CITROEN CX 1974 - 1982

Generation Information

Body style: None

Segment: None

Citroen was in a bad financial situation at the beginning of the ’70s, and despite having successful products, its accounting was in the red zone.
With only a few models in its lineup and significant debts, Citroen went bankrupt in 1974. Michelin, the tire manufacturer, owned one-third of the carmaker’s stakes and sold them to Peugeot, who stepped in to save the struggling brand. But other parts of the business made them go bankrupt, not the car business. The new model, which received the CX name, was the living proof for that.

It was long, sleek, and very aerodynamic for a sedan. While other cars from those times looked like boxes on wheels, the CX looked like a spacecraft. Its raked and curved windshield featured one wiper. The designer Robert Opron studied the vehicle’s shape in the wind tunnel, while most other coachbuilders just tried to stick an engine, a cabin, and a trunk between the front and rear bumpers. Even the door handles were modern, not to mention the rectangular headlights with a narrower inner side.
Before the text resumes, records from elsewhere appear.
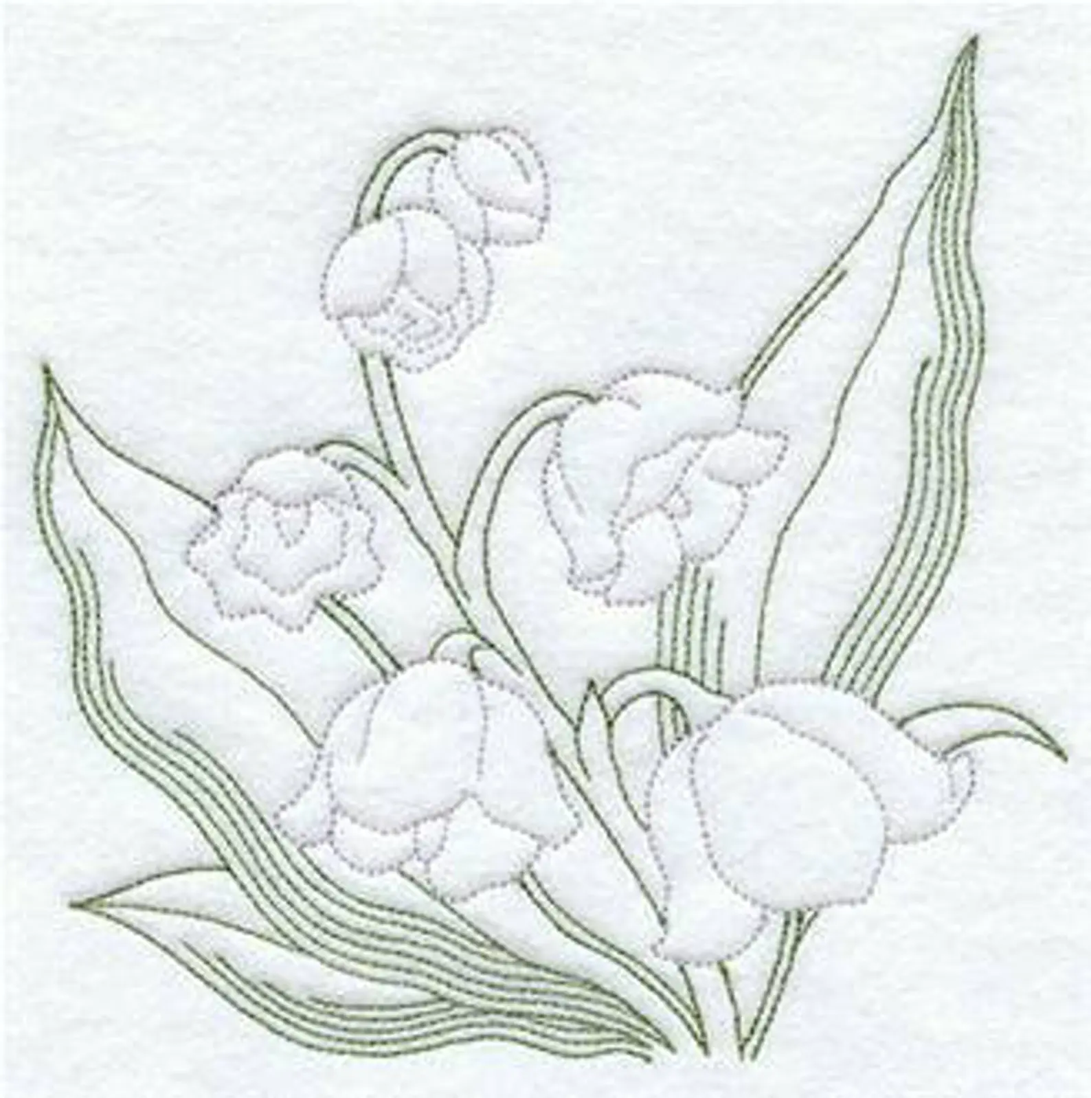- В комплекте вышивка стебля и листвы (стебель — скрученная и пришитая лента, листва — прямая строчка).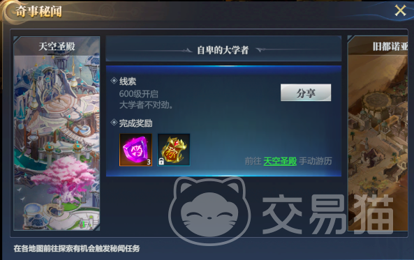 先来说一说自卑的大学者,这项任务的线索是大学者不对劲,在处罚等级上需要玩家达到600级,触发条件非常明确,就是需要玩家在完成天空圣殿这一主线任务后查看邮件就可以触发该秘闻了,在成功触发后玩家回到任务表当中即可。看见该项任务点击自动跟踪就可以开始你的秘闻之旅了。
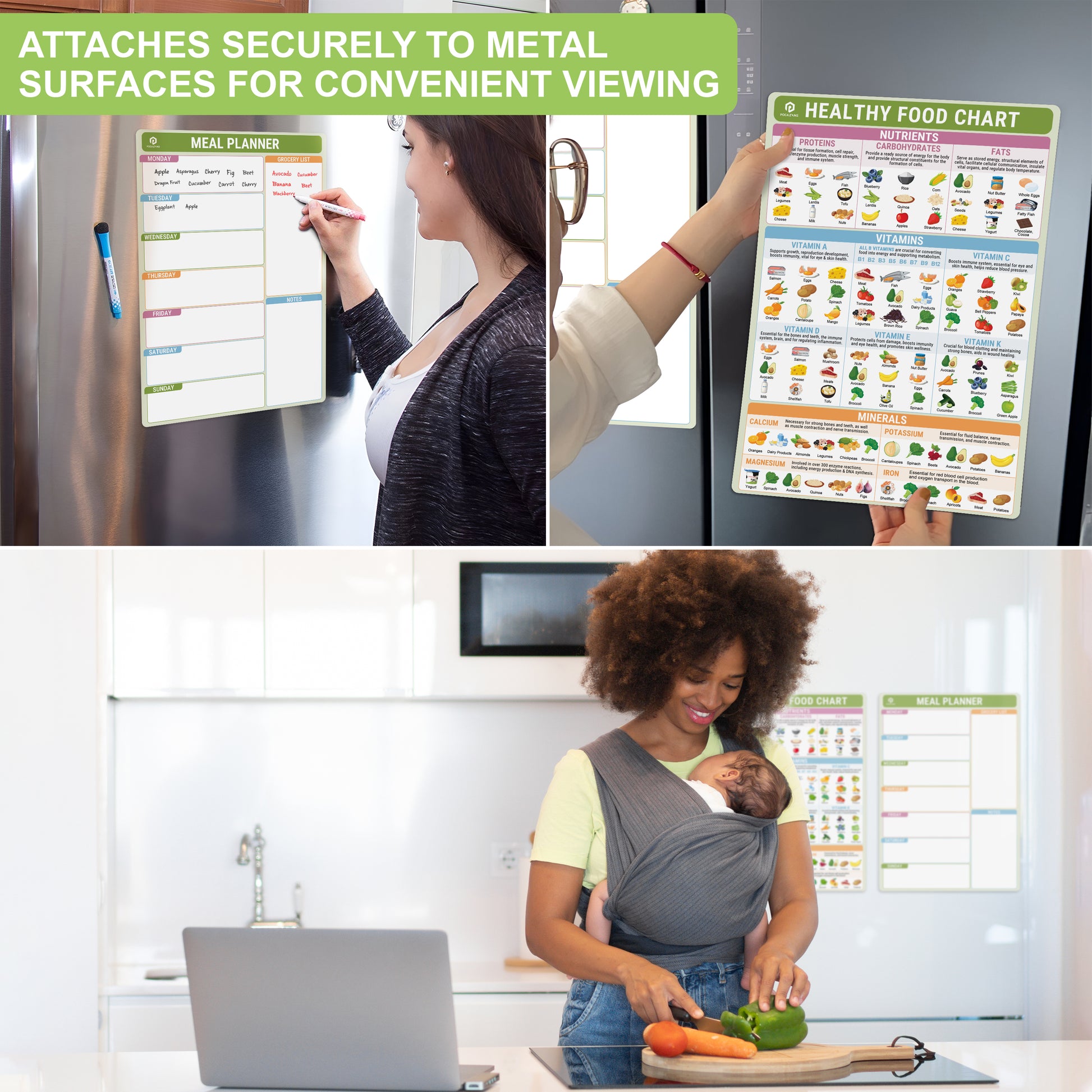 Set of 2 Healthy Food Chart Magnet (10"x14") Magnetic Dry Erase Fridge Chart, Vitamin Chart for Healthy Eating, Nutrition Posters, Kitchen Conversion Chart, Meal Planner Diet, 3 Markers + Eraser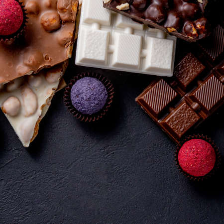 Beautiful Creative Chocolate Sweets on Natural Black Stone Background. Mix of Chocolates Top View and Flat Lay

Inside, the revolutionary design continued with a one-spoke steering wheel. Citroen engineers considered that the driver had to decide when to start and stop the turn signals and mounted their switch on the left side of the instrument cluster, not on a stalk from the steering column. Another improvement was for the instrument cluster, where Citroen wrote the values on a cylinder and placed a lens in front of it.

CX had one weak spot: the engine. Due to the French tax rules, it was forced to install low-powered and small displacement engines. Not even the most powerful version, which provided 128 hp, was able to crack the 120 mph (193 kph) barrier. But the car provided the most comfortable ride on the market thanks to its unique hydropneumatic self-leveling suspension system.